RAW DATA:
↓↓↓

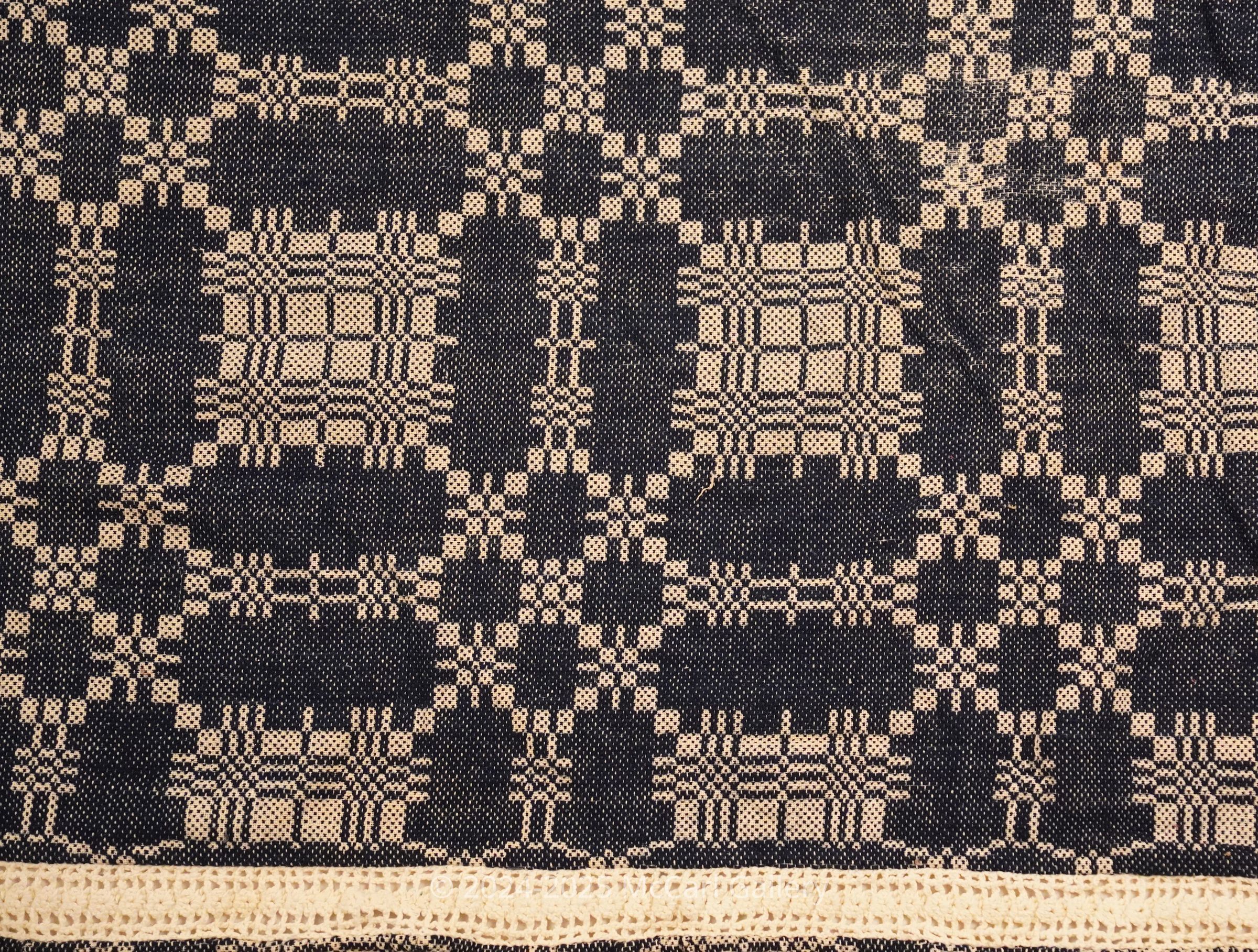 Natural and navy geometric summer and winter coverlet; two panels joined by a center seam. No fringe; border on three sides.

↑↑↑
↓↓↓

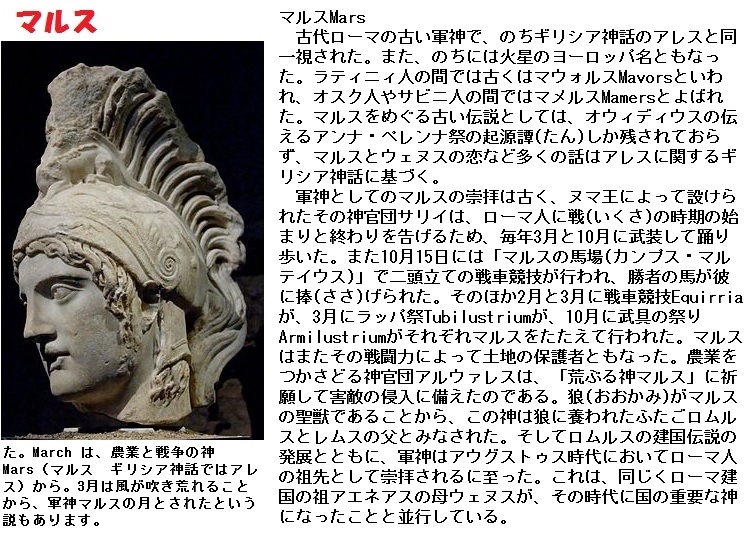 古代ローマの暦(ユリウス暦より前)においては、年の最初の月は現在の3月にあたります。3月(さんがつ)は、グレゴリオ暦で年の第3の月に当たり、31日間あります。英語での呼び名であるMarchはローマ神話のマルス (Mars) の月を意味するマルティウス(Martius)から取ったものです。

↑↑↑
↓↓↓

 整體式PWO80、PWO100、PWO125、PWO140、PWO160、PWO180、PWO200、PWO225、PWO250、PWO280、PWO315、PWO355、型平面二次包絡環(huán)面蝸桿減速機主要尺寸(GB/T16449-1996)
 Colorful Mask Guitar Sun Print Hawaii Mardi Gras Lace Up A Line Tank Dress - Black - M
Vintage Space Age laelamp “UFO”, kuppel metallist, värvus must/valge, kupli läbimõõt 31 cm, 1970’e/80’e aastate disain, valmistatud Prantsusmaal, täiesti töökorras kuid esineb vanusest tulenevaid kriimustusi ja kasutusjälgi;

↑↑↑

WHAT YOU HAVE TO DO:
Only those lines of the entries above that run from the line containing "Colorful Mask Guitar" to the line containing "Vintage Space Age", both included, should be transcribed exactly.

RESULT BELOW:
 Colorful Mask Guitar Sun Print Hawaii Mardi Gras Lace Up A Line Tank Dress - Black - M
Vintage Space Age laelamp “UFO”, kuppel metallist, värvus must/valge, kupli läbimõõt 31 cm, 1970’e/80’e aastate disain, valmistatud Prantsusmaal, täiesti töökorras kuid esineb vanusest tulenevaid kriimustusi ja kasutusjälgi;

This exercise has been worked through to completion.